Option 1: Implementing Many Models using Spark 3.x in Azure Synapse Spark or Azure Databricks

Spark is very powerful for complex big data transformation. Many customers who need Many Models probably have Spark applications in place. The ability to split or group a large dataset into/by multiple partitions for parallel processing is a valuable feature. This capability in Spark versions earlier than 3.0 however was very limited with Spark APIs for generic transformation. However, since 3.0, Spark has added much better support for Python & Pandas and with ability in Azure cloud to install Python & ML packages, Spark can be very powerful option to implement Many Models. I detailed this in another post Leveraging Spark for Large Scale Deep Learning Data Preparation and Inference | by James-Giang Nguyen | Analytics Vidhya | Medium

Spark’s Pandas UDFs: Parallelizing Python Computation

The advantage of using Spark for Many Models is Spark can provide flexible splitting or grouping logics to group data by entities (such as combination of product-store, location-product…) for Many Models training/inferencing then can easily collect result in the form of Spark Data Frame for next steps.

To illustrate, let’s look at an example of using the Pandas Function API from the github’s example:

df = spark.sql("select to_timestamp(WeekStarting) WeekStarting, float(Quantity), Brand,Revenue, Store from OJ_Sales_Data")
df = df.repartition(200) #to increase parallelism
result = df.groupby(["Brand","Store"]).applyInPandas(many_model_train, schema="Store string, Brand string, mse float, mape float, rmse float, model_name string ")

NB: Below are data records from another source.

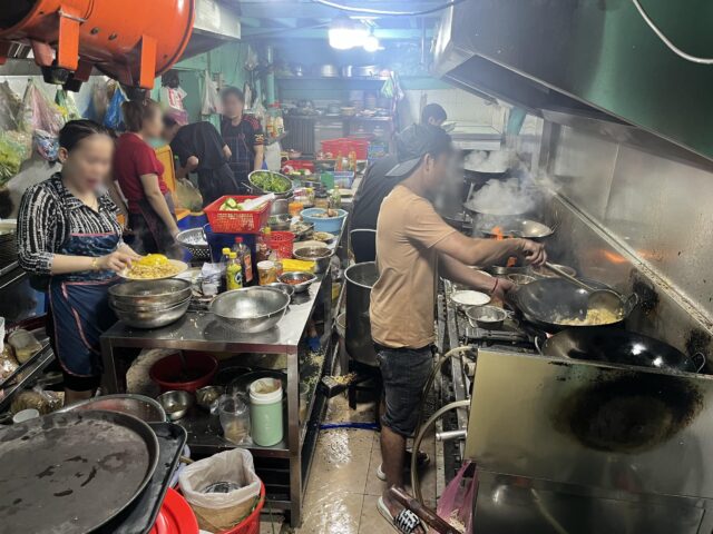 厨房を覗いてみたら、結構スタッフも多くて、中華鍋を豪快に振っている。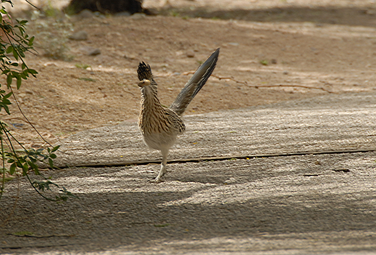 The name roadrunner comes from the bird’s habit of racing down roads in front of moving vehicles and then darting to safety in the brush.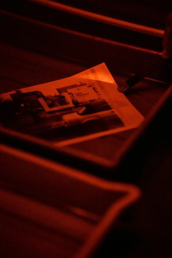 Close Up Of Film Developing Process In A Darkroom Under Red Safelight.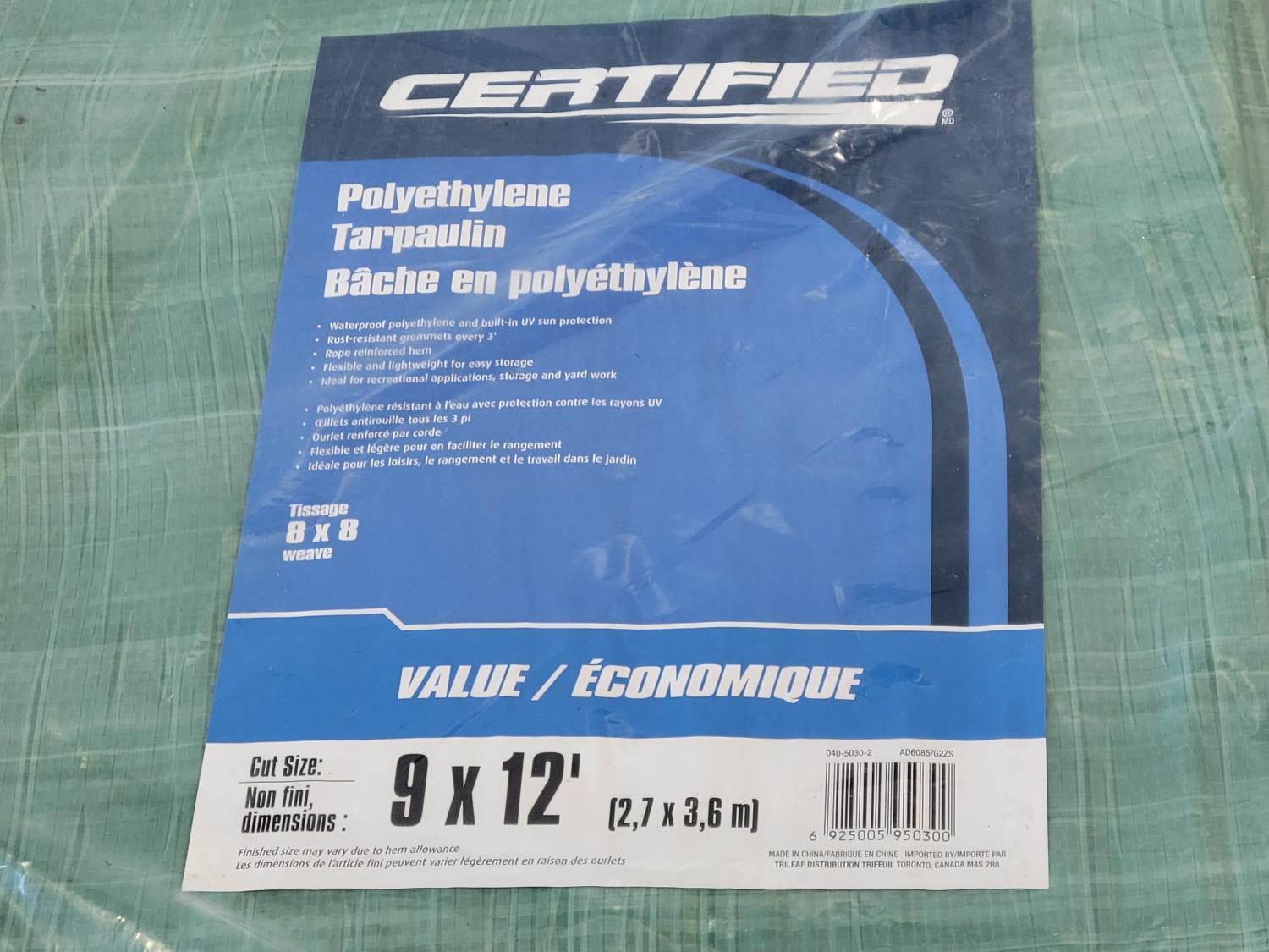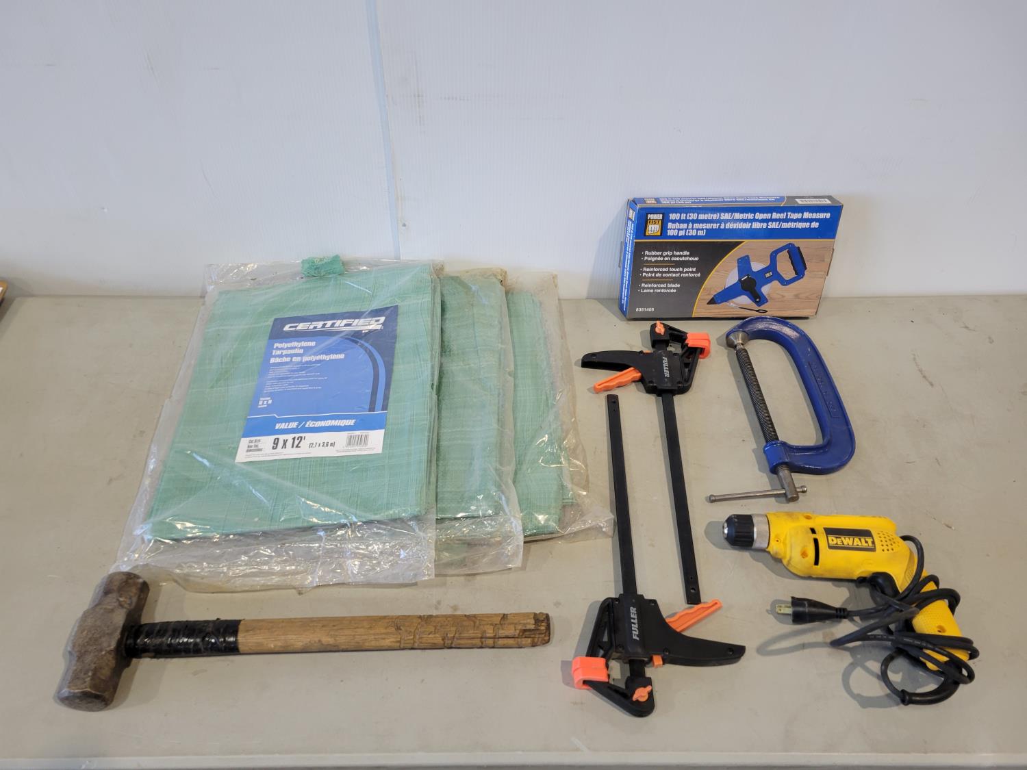(3) 9 ft x 12 ft poly tarps, (2) 12 inch Fuller wood clamps, 8 inch C-clamp, Power Fist 100 ft open reel tape measure, DeWalt 3/8 inch drill

The above code snipset selects transaction data from a table, groups by Brand and Store then applies a custom ML training function (many_model_train). Inside the function, you can just assume you are given a pandas data frame with data from a unique combination of Brand and Store. Then you can just apply any ML training algorithm you like to train your model. Spark will then parallelize your logic so that you can run on multiple instances of Brand-Store in parallel.

Inside your training function, you can register your ML model to AML workspace or MLFlow easily

# 8.0 Save the pipeline and register model to AML
with open(model_name, mode='wb') as file:
cloudpickle.dump(forecaster, file)#
model = Model.register(workspace=ws, model_name=model_name, model_path=model_name, tags={'mse':str(mse), 'mape': str(mape), 'rmse': str(rmse)})
Many models registered in AML workspace

We can return the details of models produced by Spark by display the result data frame

Result table for models trained by Spark Pandas Function API

Likewise, for inferencing, the first step is to group/split data needed by scoring logic then apply a custom Pandas Function API (many_model_forecast)

df = spark.sql("select to_timestamp(WeekStarting) WeekStarting, float(Quantity), Brand,Revenue, Store from OJ_Sales_Data")
df = df.repartition(200) #to increase parallelism
prediction_result = df.groupby(["Brand","Store"]).applyInPandas(many_model_forecast, schema="WeekStarting date, Store string, Brand string, Prediction float")

Inside the many_model_forecast, a corresponding model is loaded from Azure ML or MLFlow model repo like this

model_name=data['Store'][0]+"_"+data['Brand'][0]
model = Model(ws, model_name)
model.download(exist_ok =True)
with open(model_name, 'rb') as f:
forecaster = cloudpickle.load(f)

We can preview the result of batch scoring with many models produced by Spark

Prediction Result by Spark

Option 2: Implementing Many Models using Azure ML Parallel Run Step

Azure Parallel Run Step (PRS) is a powerful option to run any sort of ML training and inferencing with Many Model Pattern. Given an input dataset (file or tabular), PRS can split data by number of files (for file dataset) or partition data by size or by a column value (tabular dataset) then apply your ML script which can be any ML algorithm on thousands of portions/partitions in parallel. Like other forms of AML training, you can specify your custom training environment with libraries dependencies or more advanced with custom docker environment for configurations beyond standard PyPi libraries and wide choices of CPU and GPUs machines.

The Many Models accelerator provides detail guideline with file dataset. This requires data to be in the form of multiple files with each file to be the data for a model (e.g. store-brand transaction data). Data in your environment may come from a centralized source (e.g. a big dataset for all products, stores…) so you would need to prepare data into such file dataset format which may not be convenient.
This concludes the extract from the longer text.